Work request: Leaving out the pictures, print exactly the lines from the one holding "11月6日(木)、運営委員7" to the last line of the entries below, both included, and nothing more.

Extracted material:
---
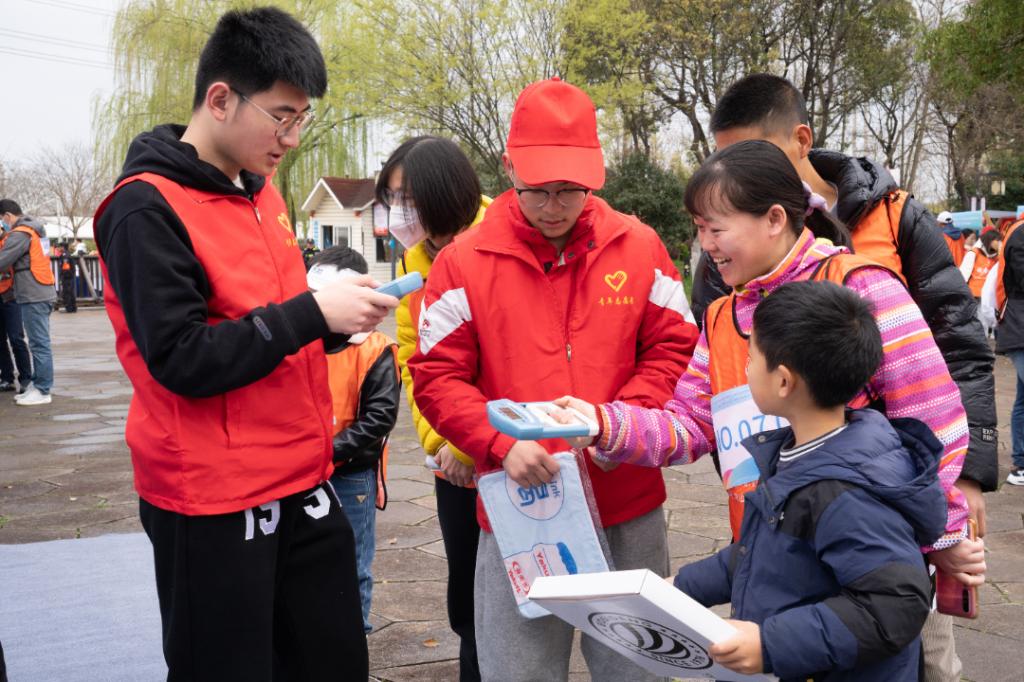 3月25日早上6点半,太阳还未升起,冒着微凉的风,志愿者们便已整装完毕,坐上了前往鸿山湿地公园的大巴。到达岗位后,志愿者们第一时间进入工作状态。当天空露出鱼肚白时,现场的一切都已准备就绪。随着选手们的陆续进场,志愿者们也变得更加忙碌起来,他们在各自岗位上进行路线引导、在物资发放处分发物资。在志愿者们引导下,参赛选手们顺利领取物资,并井然有序地进入了赛场。
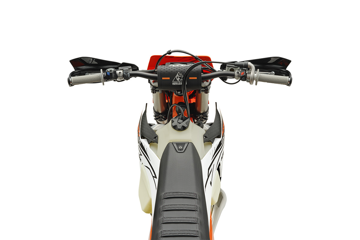 A fresh graphics package, as you’d expect, stands this bike slightly apart from the 2026 KTM Enduro models announced in August this year. White and black colours, an orange frame, and KTM Power Parts scattered around like Christmas decorations it stands out, that’s for sure.
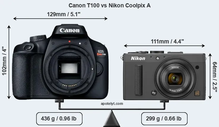 The side-by-side display below illustrates the physical size and weight of the Canon T100 and the Nikon Coolpix A. The two cameras are presented according to their relative size. Three consecutive views from the front, the top, and the rear side are shown. All width, height and depth dimensions are rounded to the nearest millimeter.
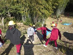 11月6日(木)、運営委員7名が中心となってルール説明を上手に終えた後、12グループのたて割り班に分かれて「マッサマンゲーム(前の子の言葉を覚えながらつないでいく遊び)」を行いました。高学年になると、より難しいワードを出してグループで盛り上がっていましたよ。
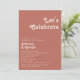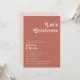 This simple retro vibes | old rose let's celebrate invitation is perfect for your classic funky vintage earth tones celebration. The design features a minimalist hippie rustic boho font. The neutral southwest desert colour palette and earthy bohemian mid-century lettering combine for a perfect, minimal modern western destination design. Feel free to change the colour add your own artwork, graphics, or photos. If you have any questions about the design of this product, please feel free to reach out to us!
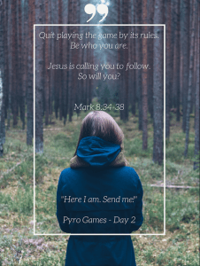 So… Will you be a people who will be disciples of Jesus, refusing to play the game by the rules, and instead, being who God has and called and invited you to be? If so, let’s join together. “Here I am. Send me.”
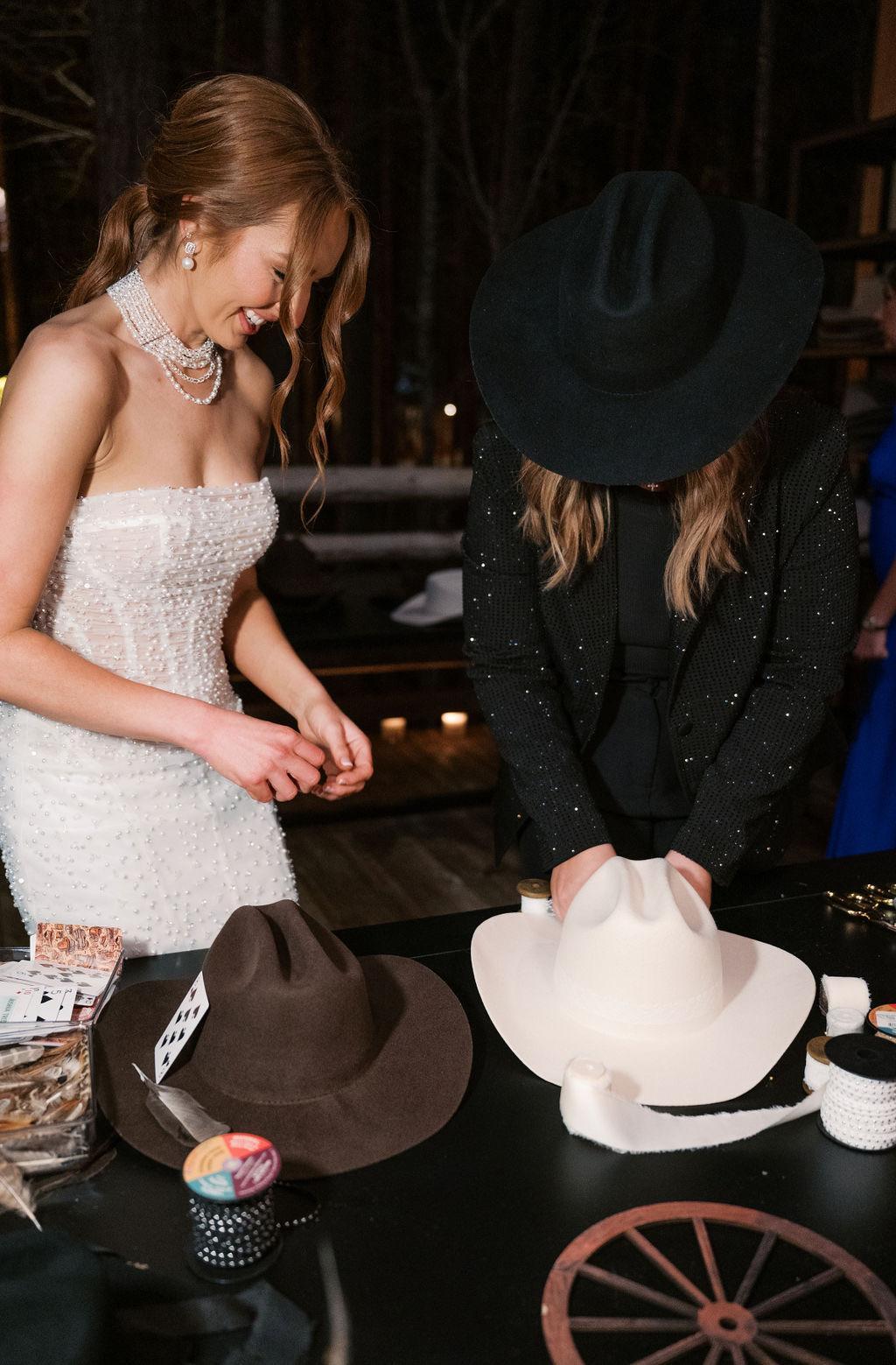 Rancher Hat Bar brings a one-of-a-kind, interactive hat-making experience to your wedding celebration. Perfect for welcome parties, rehearsal dinners, and receptions, our mobile hat bar allows guests to create a custom cowboy or western-inspired hat they’ll wear long after your wedding day. We provide a curated selection of high-quality wool and felt hats, premium embellishments, and expert hat stylists who guide each guest through the process from start to finish.
---
Expected output:
 11月6日(木)、運営委員7名が中心となってルール説明を上手に終えた後、12グループのたて割り班に分かれて「マッサマンゲーム(前の子の言葉を覚えながらつないでいく遊び)」を行いました。高学年になると、より難しいワードを出してグループで盛り上がっていましたよ。
 This simple retro vibes | old rose let's celebrate invitation is perfect for your classic funky vintage earth tones celebration. The design features a minimalist hippie rustic boho font. The neutral southwest desert colour palette and earthy bohemian mid-century lettering combine for a perfect, minimal modern western destination design. Feel free to change the colour add your own artwork, graphics, or photos. If you have any questions about the design of this product, please feel free to reach out to us!
 So… Will you be a people who will be disciples of Jesus, refusing to play the game by the rules, and instead, being who God has and called and invited you to be? If so, let’s join together. “Here I am. Send me.”
 Rancher Hat Bar brings a one-of-a-kind, interactive hat-making experience to your wedding celebration. Perfect for welcome parties, rehearsal dinners, and receptions, our mobile hat bar allows guests to create a custom cowboy or western-inspired hat they’ll wear long after your wedding day. We provide a curated selection of high-quality wool and felt hats, premium embellishments, and expert hat stylists who guide each guest through the process from start to finish.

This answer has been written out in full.